I'm trying to launch a crawl via the rest api. A crawl starts with injecting urls. Using a chrome developer tool "Advanced Rest Client" I'm trying to build this POST payload up but the response I get is a 400 Bad Request.
POST - http://localhost:8081/job/create
Payload
{
"crawl-id":"crawl-01",
"type":"INJECT",
"config-id":"default",
"args":{ "path/to/seedlist/directory"}
}
My problem is in the args, I think more is needed but I'm not sure. In the NutchRESTAPI page this is the sample it gives for creating a job.
POST /job/create
{
"crawlId":"crawl-01",
"type":"FETCH",
"confId":"default",
"args":{"someParam":"someValue"}
}
POST /job/create
{
"crawlId":"crawl-01",
"jobClassName":"org.apache.nutch.fetcher.FetcherJob"
"confId":"default",
"args":{"someParam":"someValue"}
}
I'm not sure what param or value to give each of the commands to complete a job. (eg. Inject, Generate, Fetch, Parse, and UpdateDb) Can someone clear this up? How do I tell the api where to look for the seedlist at?
UPDATE
When trying to complete the Generate command I came into a classException error where the value for the topN key is to be of type long but the api reads it as either a string or an int. I found a fix that is supposed to included in the 2.3.1 release (release date: TBA) and applied it and recompiled my code. It can now work.

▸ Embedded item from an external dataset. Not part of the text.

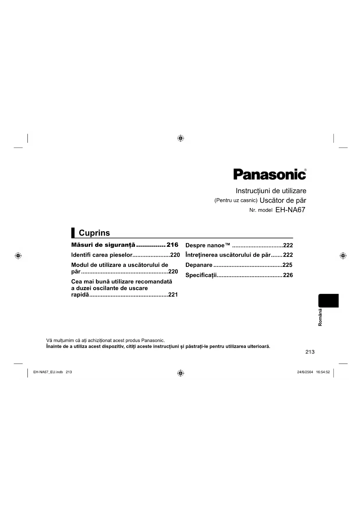 În caz contrar, poate izbucni o explozie sau un incendiu. Nu scufundaţi aparatul în apă. Nu utilizați aparatul în apropierea apei. - În caz contrar, se poate produce electrocutare sau incendiu. Nu modifi cați, dezasamblați sau reparați niciodată aparatul. - În caz contrar, se poate produce aprindere sau vătămare din cauza utilizării anormale. Contactați un centru de service autorizat pentru reparații. Nu utilizați aparatul dacă aveți mâinile umede. - În caz contrar, se poate produce electrocutare sau incendiu ca urmare a unui scurtcircuit. Acest aparat nu a fost conceput pentru utilizare comercială și nu este destinat utilizării fără întreținere adecvată. - În caz contrar, se poate produce arsură sau incendiu ca urmare a unei sarcini sau suprasarcini continue. EH-NA67_EU.indb 218EH-NA67_EU.indb 218 24/6/2564 16:54:5324/6/2564 16:54:53219 Română ATENȚIE ►Pentru a vă proteja părul A nu se utiliza cu orifi ciul de intrare a aerului deteriorat. - Părul se poate prinde în orifi ciul de intrare a aerului, fapt care poate cauza deteriorarea părului. Asigurați-vă că păstrați o distanță de cel puțin 3 cm între orifi ciul de sufl are a aerului și părul dvs. - În caz contrar, părul se poate arde. 10cm 3cm Asigurați-vă că păstrați o distanță de cel puțin 10 cm între părul dvs. și orifi ciul de intrare a aerului. - Părul se poate prinde în orifi ciul de intrare a aerului, fapt care poate cauza deteriorarea părului. ► Rețineți următoarele măsuri de precauție Nu scăpați aparatul sau nu-l supuneți unui șoc. - În caz contrar, se poate produce electrocutare sau aprindere. Utilizați aparatul numai pentru uscarea sau coafarea părului uman. (A nu se utiliza pe animalele de companie sau pentru uscarea îmbrăcămintei, încălțămintei etc.) - În caz contrar, se poate declanșa un incendiu sau o arsură. Nu utilizați pe copiii sub 6 ani. - În caz contrar, se pot produce arsuri. Nu atingeți orifi ciul de evacuare a aerului, duza concentratoare, duza oscilantă de uscare rapidă și difuzorul care vor deveni foarte fi erbinți. - În caz contrar, se pot produce arsuri. Nu priviți spre orifi ciul de sufl are a aerului în timpul utilizării. - Uscătorul de păr sufl ă aer cu praf etc., ceea ce poate avea drept rezultat o vătămare. Nu utilizați niciodată aparatul dacă fi ltrul este scos. - Părul se poate prinde în orifi ciul de intrare a aerului, fapt care poate deteriora părul. Nu spălați aparatul în apă. - În caz contrar, se poate declanșa un incendiu sau o electrocutare. ►Observații

At the time of this posting, the REST API is not yet complete. A much more detailed document exists, though it's still not comprehensive. It is linked to in the following email from the user mailing list (which you might want to consider joining):
http://www.mail-archive.com/user%40nutch.apache.org/msg13652.html
But to answer your question about the seedlist, you can create the seedlist through REST, or you can use the argument "seedDir"